I remember when I wanted to obtain a British visa, he provided much-needed support, writing personally to the British High Commission using his gorgeous home in Stanmore, London, which he purchased in 1972 as my base when I was in London. And over the last two decades, he had shown genuine interest in my progress. When I emerged as the best graduating student and overall best female graduating student at the Department of Mass Communication, The Polytechnic, Ibadan, 2001/2002 academic session, he leapt for joy.

When I decided to pursue a second degree in Communication and Language Arts at the University of Ibadan in 2007, he encouraged me. I was a regular visitor at his office in Lagos and his Idi-Ishin home in Ibadan. In fact, two of his employees, Angela and Oluchi knew me as ‘Omo Baba’. And over the last three years since he retired to Ibadan, I visited him regularly. And just before the COVID-19 lockdown, I called to know how he was doing with a promise that I would visit him soon. He was in high spirits looking forward to seeing me. Alas! I didn’t know it was going to be the last time I would talk to him. A couple of days later a former colleague sent me a web link announcing his death at the age of 88, five months and 17 days.

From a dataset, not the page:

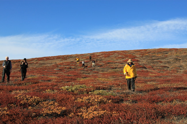 ツンドラ地帯のハイキングです。大地は紅葉していてよくみると

Born on November 4, 1931, in the Aperin area of Ibadan in the then Western Region. His grandfather was Akinjide; his mother hailed from the Balogun Oderinlo family from Mapo area. His maternal grandfather, Balogun Oderinlo was a warrior and his statue is by the side of Mapo. The late Akinjide was a lucky fellow with an enduring pedigree. His father was a big-time trader and farmer. And being the first child and the first grandson, everybody doted on him. That the late Akinjide was brilliant was an understatement.

He enrolled at St. Peters Primary School, Aremo in Ibadan and later proceeded to Oduduwa College, Ile-Ife where he sat for the Senior Cambridge School Certificate and emerged with a distinction. In 1952, he boarded MV Accra ship to England and landed in Liverpool. In England, he enrolled at the University of London where he studied for his LLB in Law and was called to the English Bar in 1955. He also obtained a certificate in Journalism. He returned to Nigeria in February 1956. He was subsequently called to the Nigerian and the Gambian Bar and became a Senior Advocate of Nigeria (SAN) in 1978. When he returned to Nigeria after his studies, he practised briefly under S.L Durosaro before setting up his practice of Akinjide & Co. Upon returning to Nigeria he got entangled with politics having been a regular visitor at The House Commons while in London.

He was vibrant as a young politician, and at the age of 29, he became a lawmaker representing Ibadan at the Parliament. He later became the Minister of Education in the government of Prime Minister Tafawa Balewa during the First Republic. He continued to blaze the trail as a politician and legal practitioner. He was the Nigerian Bar Association (NBA) president between 1970 and 1973. He was a member of the judicial system’s sub-committee of the Constitutional Drafting Committee of 1975-1977 and later joined the National Party of Nigeria in 1978. He became the legal adviser of the party and was later appointed the Minister for Justice under the administration of President Shehu Shagari in the Second Republic.

Akinjide’s legacies are eternal. It is significant to note that it was under his watch that Nigeria temporarily reversed executions of armed robbers, the abolition of a decree barring exiles from returning to the country. The advent of democracy in 1999 saw the late Akinjide pitches his tent with the Peoples Democratic Party. His daughter, Oloye Jumoke Akinjide later served as the Minister of State of FCT. For the late Akinjide, he has played his part and left the stage.

Akinjide came. He saw. He conquered.